Hyperkalemia is a time-critical emergency where the order of operations is rigid: get the ECG, give IV calcium to stabilize the myocardium, shift K⁺ intracellularly with insulin + dextrose (± albuterol, ± bicarbonate if acidemic), and then eliminate K⁺ with loop diuretic, oral binder, or — definitively in ESRD/refractory cases — emergent hemodialysis.

Board pearl: The single most missed wrong-answer trap is "give more calcium" when the K⁺ remains elevated — calcium buys time; only shift and elimination actually lower potassium.
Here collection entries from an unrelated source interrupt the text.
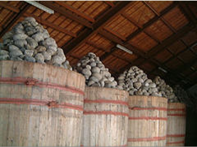 - 桶の上の重石は、地震がきても崩れないそうです。まさに職人技!!
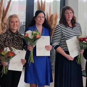 Neringos gimnazijos pradinių klasių mokytojai metodininkei Ramunei Kubiliūtei ir dailės mokytojai metodininkei, technologijų vyr. mokytojai Jolitai Kundrotaitei bei Neringos meno mokyklos kanklių mokytojai metodininkei Ievai Pumputytei-Macevičei.
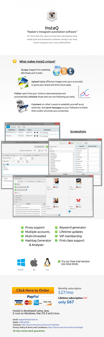 1. Nazwa przedmiotu: InstaQ - Narzędzie automatyzujące pracę z Instagramem 2. Opis przedmiotu: Główne funkcje: Podstawa, tj.: Scrapowanie zdjęć z dowolnej strony WWW, RSS lub Tumblr Wrzucanie postów na Instagram Komentowanie wpisów Follow & unfollow osób, którzy Ciebie nie śledzą Wysyłanie wiadomości Inteligentny system unikania blokad kont Tryb ręczny / autopilot Obsługa proxy Obsługa wielu kont jednocześnie Praca wielowątkowa Generator hashtagów & narzędzie do analizy zyskowności hashtagów Generator słów kluczowych Dożywotnie aktualizacje Członkostwo VIP na forum (profesjonalny support + bonusowe materiały, np. poradniki) Szybki i profesjonalny support + średnio co kilka dni dodawane są nowe, autorskie funkcjonalności 3. Źródło pozyskania: - 4. Zdjęcia: - 5. Kontakt: wiktorpl220 (skype) | PW 6. Cena: 97$ 67$ - Dożywotnio (płatność jednorazowa) | 27$ - Miesięcznie (płatność miesięczna) 7. Sposób zapłaty: PayPal | Visa | Mastercard | American Express Card | Discover Network ZAKUP INSTAQ TUTAJ - https://insta-how.to/InstaQ/ WYPRÓBUJ ZA DARMO - http://forum.insta-how.to/topic/6-instaq-official-download-trial/ WAŻNE! Cena promocyjna (67$ zamiast 97$) obowiązuje jedynie przez parę dni! W razie niejasności lub pytań proszę uderzać na PW lub skype

Master that distinction and the majority of Step 3 hyperkalemia stems become straightforward.

The triage rule: Any peaked T, widened QRS, P-wave loss, sine wave, K⁺ ≥6.5, or symptomatic patient → full protocol starting with calcium gluconate 1–2 g IV. Calcium stabilizes but does not lower K⁺.
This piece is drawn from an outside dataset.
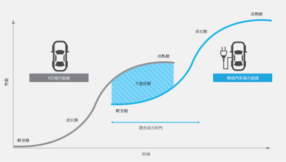 在该模型中,一项技术会先后经历萌芽期、成长期、成熟期和衰落期。当一项成熟技术的曲线和一项新技术的曲线重叠时,便会出现一段不连续期。这就会对市场造成冲击,因为当一款产品中采用了新的技术而且性价比极高时,客户会直接争相选择新技术。电动汽车技术目前正处在萌芽阶段。内燃机技术已经进入成熟阶段或趋于成熟,得到广泛采用,市场定位明确,技术实现了标准化/商品化,并且所有易于实现的优化均已完成。
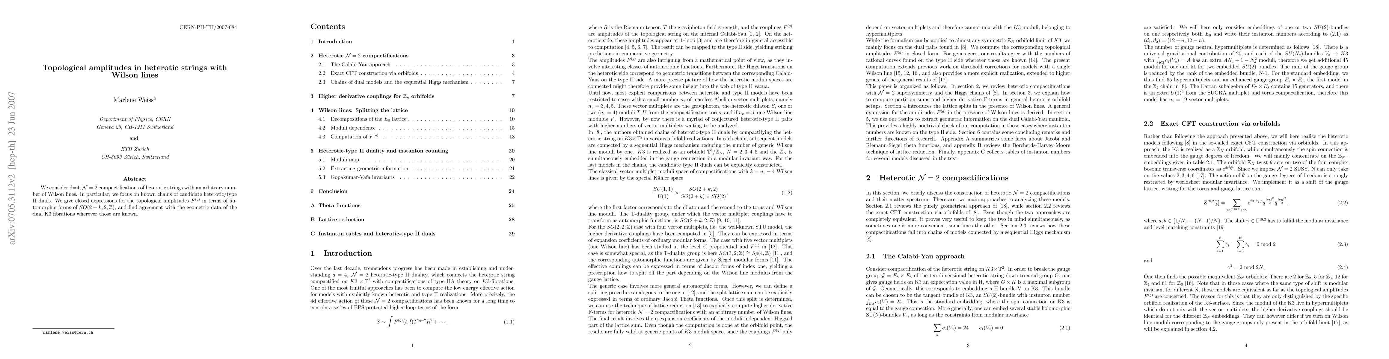 This paper derives closed expressions for topological amplitudes in d=4, N=2 compactifications of heterotic strings with Wilson lines, using automorphic forms, and confirms these results with known dual K3 fibration data.

The three-step paradigm: Stabilize (calcium, 1–3 min onset, 30–60 min duration) → Shift (insulin 10 U + D50, 15–30 min onset, 4–6 h duration; albuterol 10–20 mg neb; bicarbonate if acidemic) → Eliminate (loop diuretic if making urine; SZC or patiromer; hemodialysis for anuric, ESRD, or refractory).
Cause-specific pearls: Digoxin toxicity → immune Fab, avoid calcium dogmatically. Adrenal crisis → hydrocortisone. CAH neonate → hydrocortisone + NS. Rhabdo/TLS → aggressive hydration. Pseudohyperkalemia in marked leukocytosis/thrombocytosis → plasma K⁺, not serum.
Longitudinal Step 3 thinking: Don't reflexively abandon RAAS blockade in HFrEF/CKD — add patiromer or SZC to preserve mortality-reducing therapy. Counsel on salt substitutes and "sick-day rules." Schedule BMP within 48–72 h of discharge, monitor glucose q1h × 6h after insulin, and recognize iatrogenic hyperkalemia as a reportable patient safety event.